Podpowiem Ci Januszu Krzysztofie, że tylko po
znalezieniu klucza, można otwierać zamknięte drzwi,
nie chcąc ich uszkodzić. Przykro mi, że nie dobrze się
Tobie czytałam. Pozdrawiam.
Pierwsza zwrotka jest interesująca, natomiast druga
już mniej. Trzecia jest tak zagmatwana, że może
pochodzić z jakiejś rozprawy naukowej, której (często)
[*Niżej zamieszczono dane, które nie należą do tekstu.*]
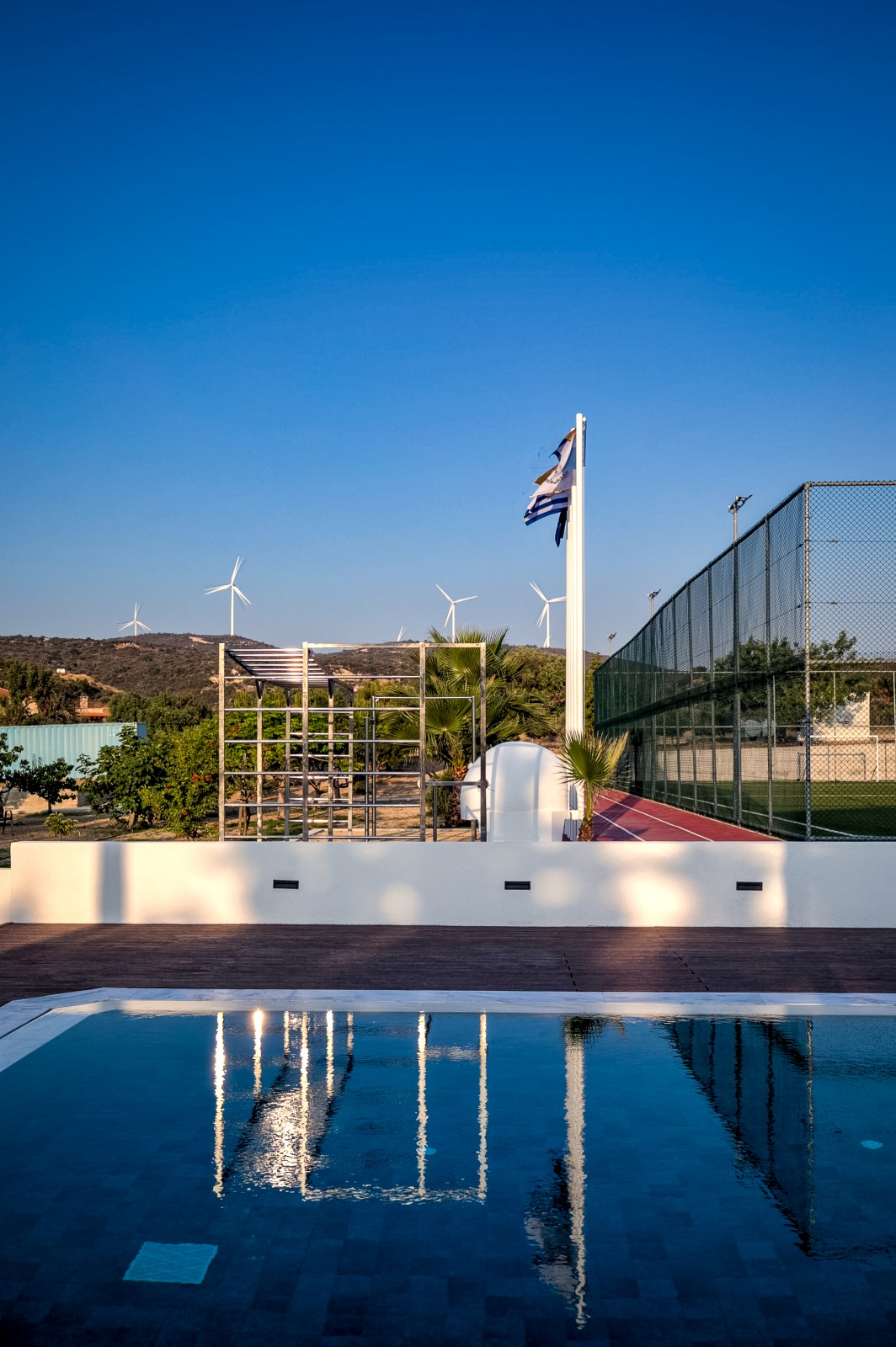 - Swimming Pool: 13m x 6.2m (Area = 80 m²), overflow design with customizable lighting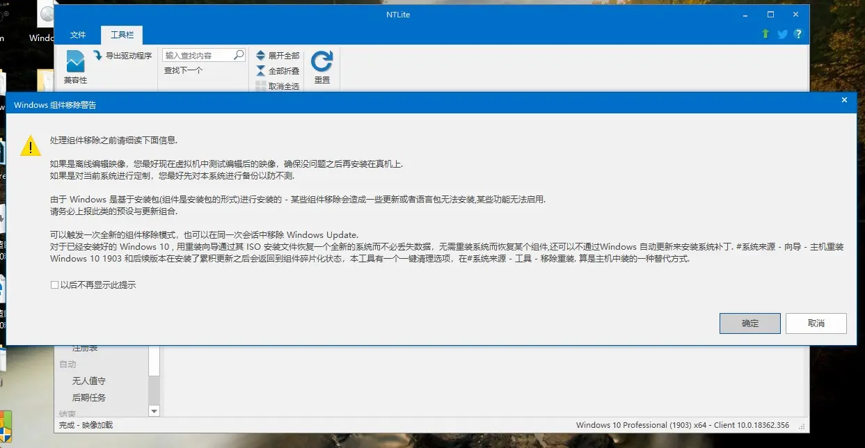 点击“组件移除”,会弹出一个警告框,可以自行仔细阅读,然后点击“确定”

nikt nie rozumie za wyjątkiem autora. Masz, Osso, w
swoim dorobku bardzo dobre wiersze, ale w tym akurat
tylko pierwszą zwrotkę bym tak ocenił. Nie gniewaj
się, proszę - na wszelki wypadek przeczytałem ten
wiersz trzeci raz i nic się u mnie nie zmieniło. Może
Ty coś w nim zmienisz? Pozdrawiam.
@ Janino & DoroteK serdeczne dzięki za odczyt i
ślad...
@ Filipie bardzo żałuję, że skasowałeś swoje prace i
nie mogę ich tutaj poczytać. Dziękuję za podzielenie
się ze mną/z nami Twoimi przemyśleniami. Serdeczności
ślę.
@ Kaczorze:
Jeśli nie jesteś gotowy do obiektywnego odbioru, to
lepiej może nie komentuj. Uważam Twoje sugestie za
nietrafne i nie ma tu nic do rzeczy żadna obrona; w
tych kategoriach można się bawić... ale chyba tylko
bawić. Nie rzeczowo rozmawiać. Jeśli masz inne
argumenty, poza subiekcją, proszę — użyj ich. Nie
jestem alfą i omegą, i nie uważam, że mam zawsze
rację, ale staram się podpierać moje uwagi
przemyśleniami. Nie tylko na temat wierszy, ale
również komentarzy, bo — tak mi się wydaje —
rozmawiamy nie tylko o wierszach, ale też o odbiorze,
sposobach czytania i pisania. Tyle w momencie ode mnie
tu, reszta pod Twoim tekstem.
Ot taki zlepek wspomnień w wybujałych metaforach.
Autorka chyba na zbyt wysokiego konia wsiadła.
Proszę spróbować pisać prozę, będzie łatwiej.
Pozdrawiam.
już dawno nie czytałam tak interesujących i
oryginalnych metafor
Każdy chyba tak ma, choć nie każdy sobie uświadamia
ten fakt :)
Przeczytałem dwa razy; szczerze pisząc to odleciałem w
różne strony (po tych dwóch razach, przez co może
myśli mogą być nie trafne, ale w każdym razie, każdy z
nas może na to "inaczej spojrzeć") pomyślałem o tzw.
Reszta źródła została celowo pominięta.